Abstract 1350P
Background
Interleukin-1 Receptor Accessory Protein (IL1RAP), expressed in several tumors, is essential for IL-1α and IL-1β signaling. IL-1α/IL-1β are implicated in tumor progression and therapy resistance, and platinum chemotherapy upregulates IL-1α in non-small cell lung cancer (NSCLC). Nadunolimab, a fully humanized ADCC-enhanced IgG1 antibody, targets IL1RAP and blocks IL-1α/IL-1β signaling. Here, data are reported from the phase I/IIa clinical trial CANFOUR in NSCLC pts treated with nadunolimab and platinum doublet.
Methods
Pts with advanced NSCLC, 1st or 2nd line (1L/2L), received nadunolimab at 1 (n=16), 2.5 (n=3) or 5 mg/kg (n=11) with cisplatin/gemcitabine, or at 2.5 mg/kg with carboplatin/pemetrexed (n=10). As an exploratory objective, the composition of immune cells in baseline biopsies were analyzed by immunohistochemistry and baseline serum samples by Olink.
Results
Efficacy parameters for nadunolimab and platinum doublet treatment (n=40) are summarized in the table below. The total population showed a promising OS and PFS of 13.7 and 6.8 months. Stronger efficacy was seen in 2L pts (n=18 in total; n=17 post-pembrolizumab) compared to 1L pts (n=22) (ORR 72% vs 41%; PFS 7.6 mo vs 6.7 mo, p = 0.038; OS 15.7 mo vs 11.5 mo).
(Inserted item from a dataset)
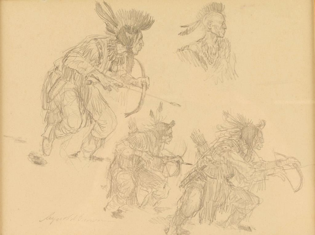 depicting Indians with bows and arrows, signed lower left. Image measures 7"x9" in double mat with silver wood frame. Personal note from artist written on back of picture. Reynold Brown was born in 1917 in Los Angeles as William Reynold Brown to William Reynold Brown (a railroad engineer) and his wife Ada (Fairley) Brown. He drew continuously as a child. He particularly liked telling stories by drawing, He got a well rounded art education in Alhambra High School in California under the stewardship of a World War I veteran and artist, Lester Bonar.About 1937, with the help of Bonar, he was able to get a job inking and then drawing the syndicated comic strip by Hal Forrest, "Tailspin Tommy." This strip told the story of a barnstorming pilot, Tailspin Tommy. Brown worked on the strip until 1941. Through Bonar, Brown was able to meet Norman Rockwell. Rockwell advised Brown that if he wanted to learn illustration he would have to leave the comic strip and start finding jobs as an illustrator. With the outbreak of World War II, Brown was able to use his aircraft rendering skills learned from working on Tailspin Tommy to land a job with North American Aviation in California. On some of these he collaborated with another artist, Mary Louise Tejeda, the only woman artist in the department of over forty men. In 1946, at war's end, Brown married Tejeda. They moved to New York so he could pursue a career in illustration. His illustrations appeared in magazines such as Boys' Life, Outdoor Life, Popular Science and Argosy. n 1951, while doing a show for Art Center, Brown met Misha Kallis, an Art Director for Universal Pictures. Brown soon completed his first movie poster for Universal, The World in His Arms, featuring Gregory Peck and Ann Blyth. That began a series of over 250 campaigns for Universal, MGM, Disney and American International Pictures (AIP). Brown's work was used to promote classics like Ben Hur and Spartacus, westerns such as The Alamo and Taza, Son of Cochise and drama, horror, monster and science fiction films. His science fiction works for such pieces as The Time Machine and This Island Earth, as well as his monsters like The Creature from the Black Lagoon have already become popular among collectors.

Biopsy analyses showed that 2L pts had a higher number of IL1RAP-positive immune cells, CD163+ macrophages, CD56+ NK cells and CD8+ T cells in the tumor at baseline. Serum markers showed a T-cell inflammatory profile with increased IFNγ, CXCL9 and CXCL10. Efficacy results were most pronounced in 2L non-squamous pts (n=12; ORR 92%, OS 28.9 mo; PFS 13.0 mo) including two complete responders. Table: 1350P
All | Non-squamous | ||||
Efficacy parameter | Total (n=40) | 1L (n=22) | 2L (n=18) | 1L (n=14) | 2L (n=12) |
OS; median, mo | 13.7 | 11.5 | 15.7 | 11.9 | 28.9 |
PFS; median, mo | 6.8 | 6.7 | 7.6 | 5.5 | 13.0 |
1-year survival | 55% (36-70) | 39% (16-61) | 70% (42-86) | 38% (10-67) | 82% (45-95) |
ORR | 55% | 41% | 72% | 29% | 92% |
DoR; median, mo | 5.8 | 5.2 | 9.1 | 4.8 | 11.2 |
Conclusions
Nadunolimab plus platinum doublet shows promising efficacy in NSCLC pts. Pts who progressed on pembrolizumab retained an inflammatory profile, although with signs of immunosuppression, and responded strongly to nadunolimab and platinum doublet combination.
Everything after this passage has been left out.